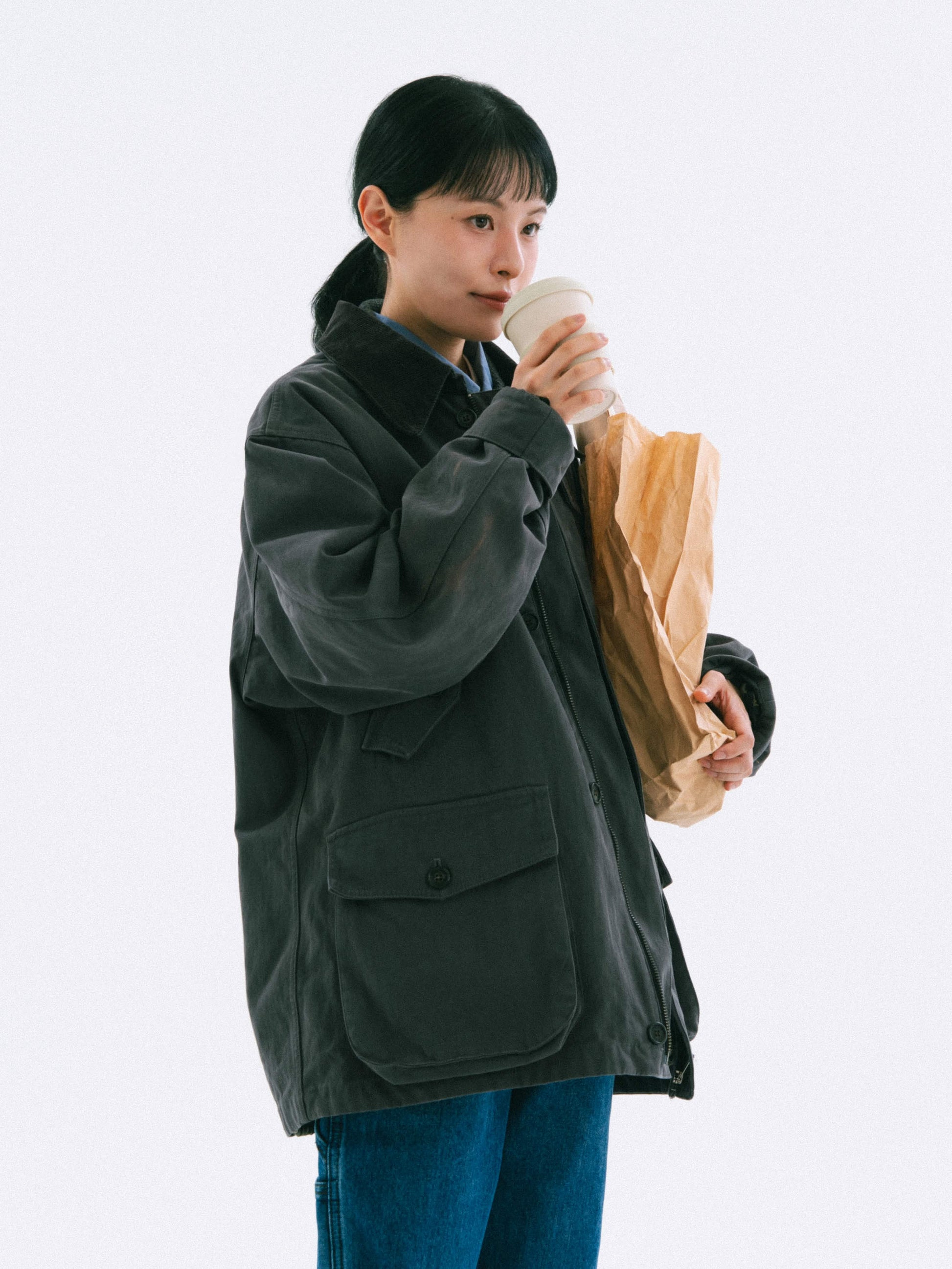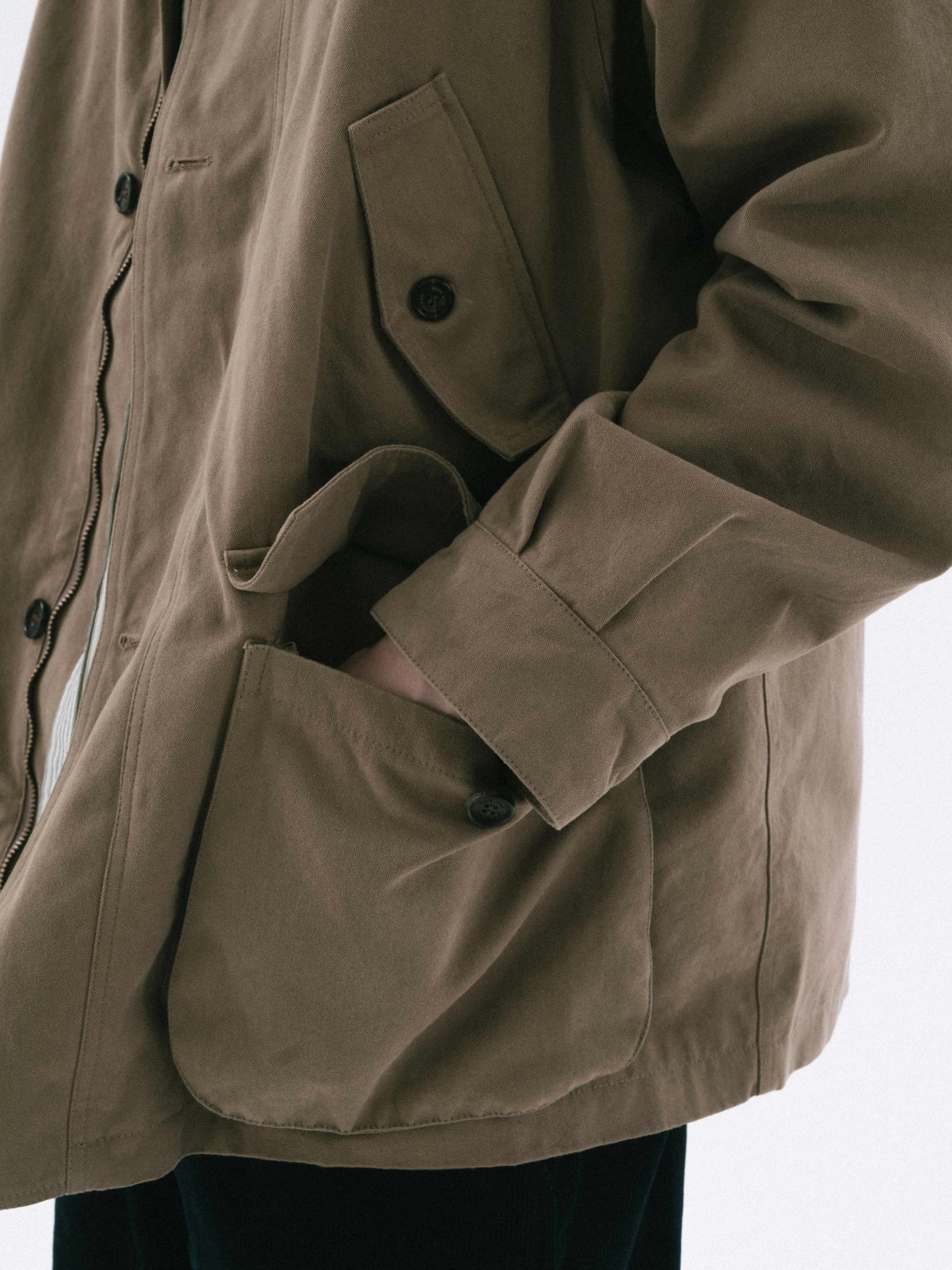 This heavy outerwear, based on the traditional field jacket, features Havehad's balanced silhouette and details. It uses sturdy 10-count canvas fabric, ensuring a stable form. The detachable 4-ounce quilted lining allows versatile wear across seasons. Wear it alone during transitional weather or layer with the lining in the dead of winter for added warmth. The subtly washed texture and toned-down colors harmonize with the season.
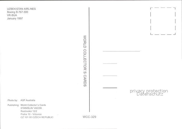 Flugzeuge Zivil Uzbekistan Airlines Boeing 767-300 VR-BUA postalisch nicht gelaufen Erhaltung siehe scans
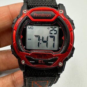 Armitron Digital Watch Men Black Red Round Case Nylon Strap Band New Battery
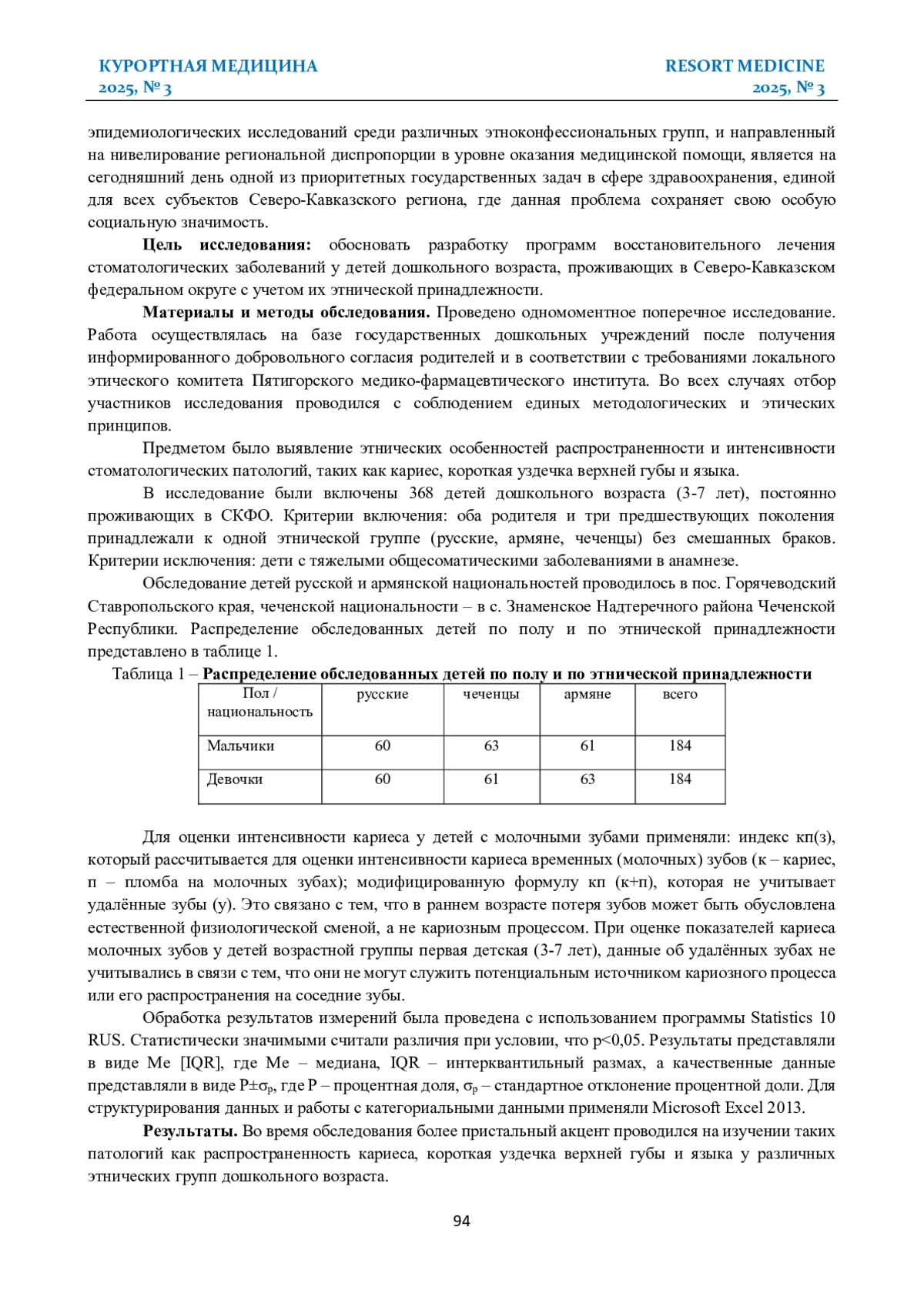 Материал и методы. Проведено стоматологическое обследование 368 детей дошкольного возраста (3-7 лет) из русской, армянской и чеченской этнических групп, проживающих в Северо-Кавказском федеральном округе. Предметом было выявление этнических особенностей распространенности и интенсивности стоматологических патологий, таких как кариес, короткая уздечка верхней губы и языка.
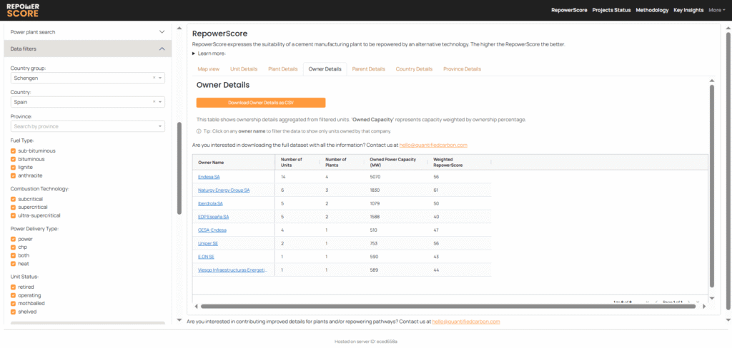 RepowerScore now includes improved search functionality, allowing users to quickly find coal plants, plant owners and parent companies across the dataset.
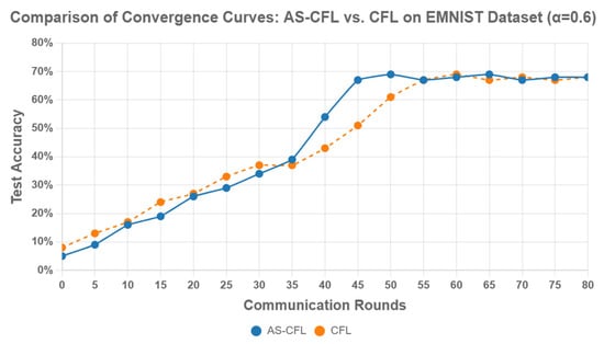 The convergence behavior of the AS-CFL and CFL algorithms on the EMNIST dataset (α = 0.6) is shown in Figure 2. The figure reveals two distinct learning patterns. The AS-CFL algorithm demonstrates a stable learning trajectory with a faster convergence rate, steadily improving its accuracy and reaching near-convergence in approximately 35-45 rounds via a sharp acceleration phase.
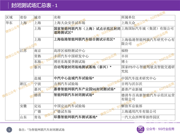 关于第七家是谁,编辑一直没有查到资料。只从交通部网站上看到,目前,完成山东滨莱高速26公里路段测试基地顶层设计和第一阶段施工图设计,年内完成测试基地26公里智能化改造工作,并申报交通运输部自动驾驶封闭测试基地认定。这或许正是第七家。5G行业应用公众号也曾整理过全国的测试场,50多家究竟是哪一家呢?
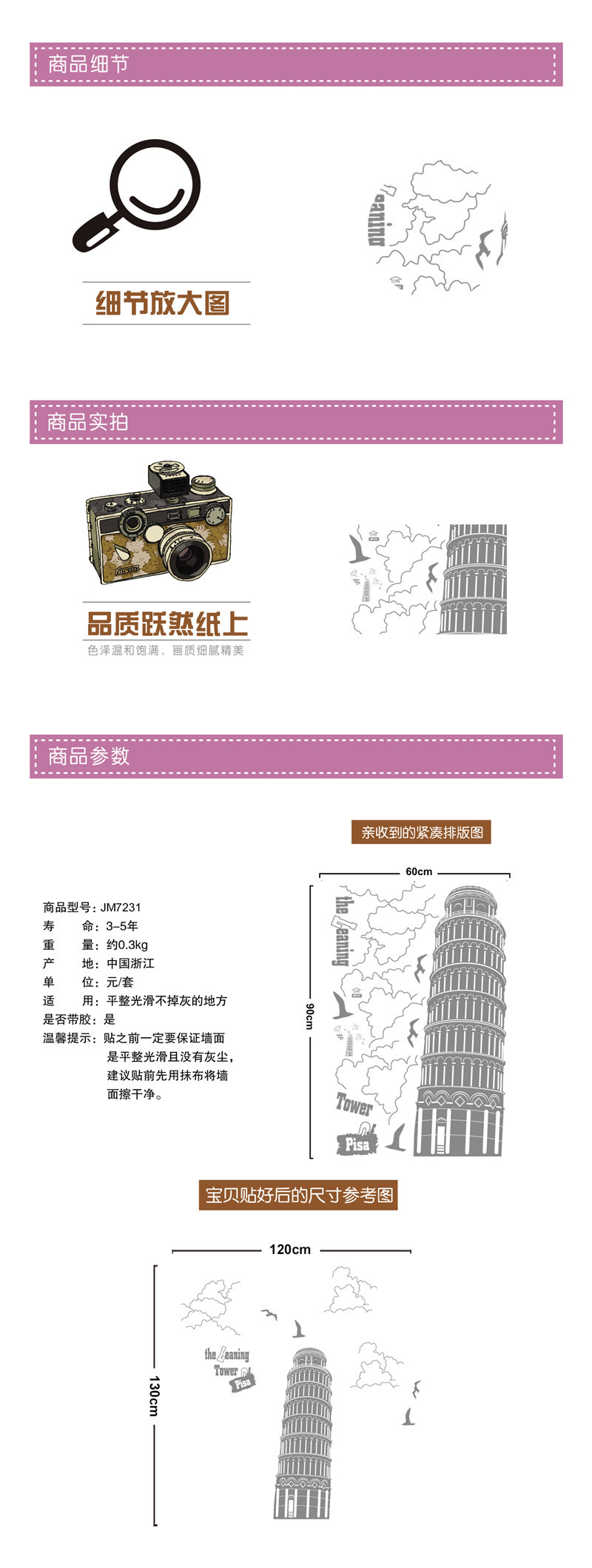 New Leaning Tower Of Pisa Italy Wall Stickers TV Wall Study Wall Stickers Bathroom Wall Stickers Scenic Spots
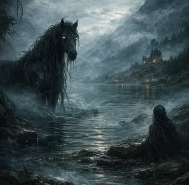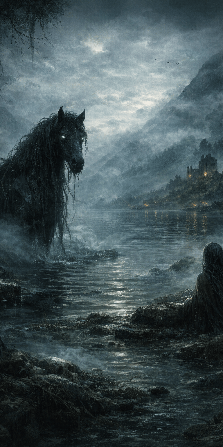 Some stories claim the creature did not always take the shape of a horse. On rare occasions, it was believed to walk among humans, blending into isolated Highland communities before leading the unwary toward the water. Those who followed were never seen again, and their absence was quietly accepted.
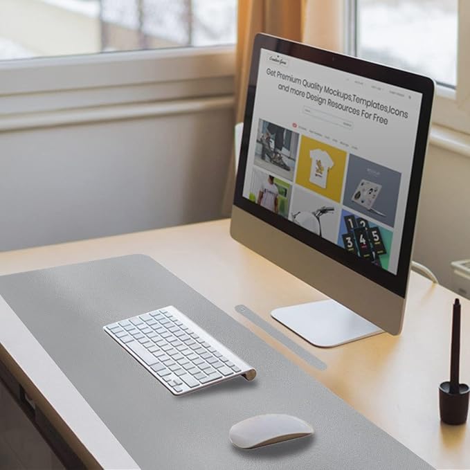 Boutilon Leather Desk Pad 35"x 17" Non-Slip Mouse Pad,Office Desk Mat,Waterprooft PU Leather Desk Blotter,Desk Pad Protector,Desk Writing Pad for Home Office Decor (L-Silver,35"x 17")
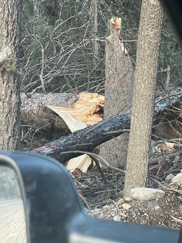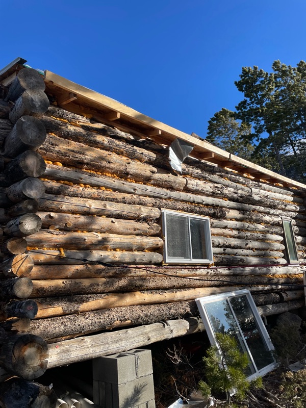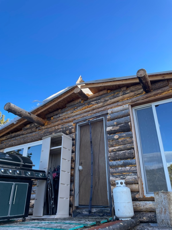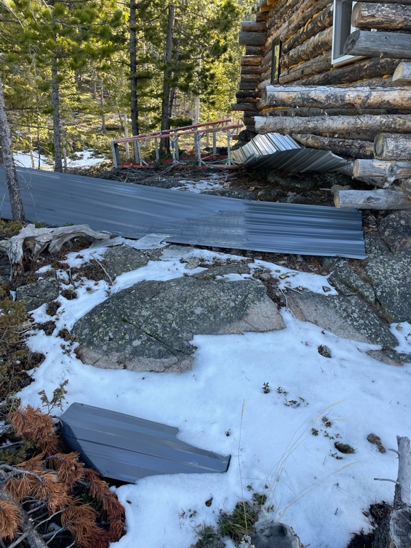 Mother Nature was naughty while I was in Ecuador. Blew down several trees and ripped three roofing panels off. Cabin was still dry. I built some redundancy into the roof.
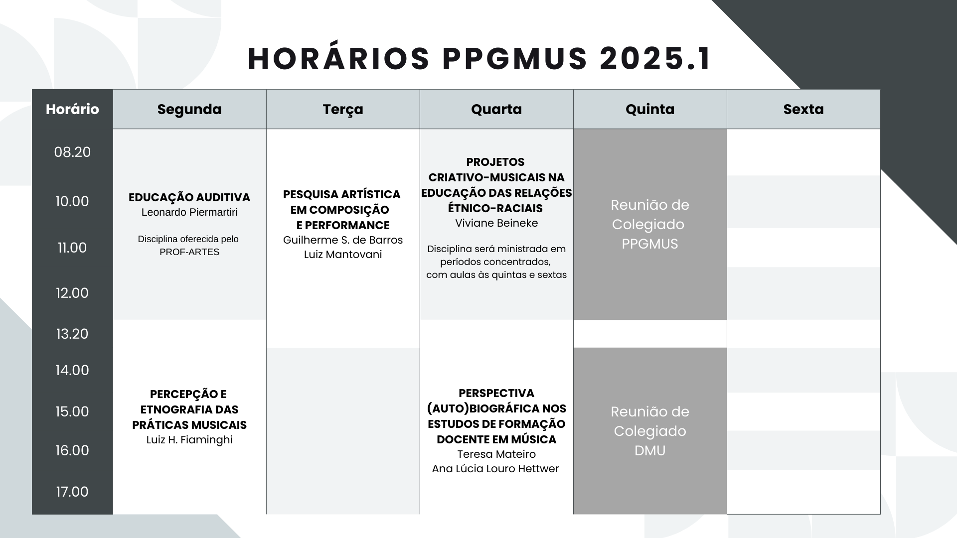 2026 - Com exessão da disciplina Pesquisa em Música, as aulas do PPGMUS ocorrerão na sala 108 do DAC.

____

• _WORK TASK_
Reprint every record exactly and skip the pictures.

• _EXERCISE SOLUTION_
 This heavy outerwear, based on the traditional field jacket, features Havehad's balanced silhouette and details. It uses sturdy 10-count canvas fabric, ensuring a stable form. The detachable 4-ounce quilted lining allows versatile wear across seasons. Wear it alone during transitional weather or layer with the lining in the dead of winter for added warmth. The subtly washed texture and toned-down colors harmonize with the season.
 Flugzeuge Zivil Uzbekistan Airlines Boeing 767-300 VR-BUA postalisch nicht gelaufen Erhaltung siehe scans
 Armitron Digital Watch Men Black Red Round Case Nylon Strap Band New Battery
 Материал и методы. Проведено стоматологическое обследование 368 детей дошкольного возраста (3-7 лет) из русской, армянской и чеченской этнических групп, проживающих в Северо-Кавказском федеральном округе. Предметом было выявление этнических особенностей распространенности и интенсивности стоматологических патологий, таких как кариес, короткая уздечка верхней губы и языка.
 RepowerScore now includes improved search functionality, allowing users to quickly find coal plants, plant owners and parent companies across the dataset.
 The convergence behavior of the AS-CFL and CFL algorithms on the EMNIST dataset (α = 0.6) is shown in Figure 2. The figure reveals two distinct learning patterns. The AS-CFL algorithm demonstrates a stable learning trajectory with a faster convergence rate, steadily improving its accuracy and reaching near-convergence in approximately 35-45 rounds via a sharp acceleration phase.
 关于第七家是谁,编辑一直没有查到资料。只从交通部网站上看到,目前,完成山东滨莱高速26公里路段测试基地顶层设计和第一阶段施工图设计,年内完成测试基地26公里智能化改造工作,并申报交通运输部自动驾驶封闭测试基地认定。这或许正是第七家。5G行业应用公众号也曾整理过全国的测试场,50多家究竟是哪一家呢?
 New Leaning Tower Of Pisa Italy Wall Stickers TV Wall Study Wall Stickers Bathroom Wall Stickers Scenic Spots
 Some stories claim the creature did not always take the shape of a horse. On rare occasions, it was believed to walk among humans, blending into isolated Highland communities before leading the unwary toward the water. Those who followed were never seen again, and their absence was quietly accepted.
 Boutilon Leather Desk Pad 35"x 17" Non-Slip Mouse Pad,Office Desk Mat,Waterprooft PU Leather Desk Blotter,Desk Pad Protector,Desk Writing Pad for Home Office Decor (L-Silver,35"x 17")
 Mother Nature was naughty while I was in Ecuador. Blew down several trees and ripped three roofing panels off. Cabin was still dry. I built some redundancy into the roof.
 2026 - Com exessão da disciplina Pesquisa em Música, as aulas do PPGMUS ocorrerão na sala 108 do DAC.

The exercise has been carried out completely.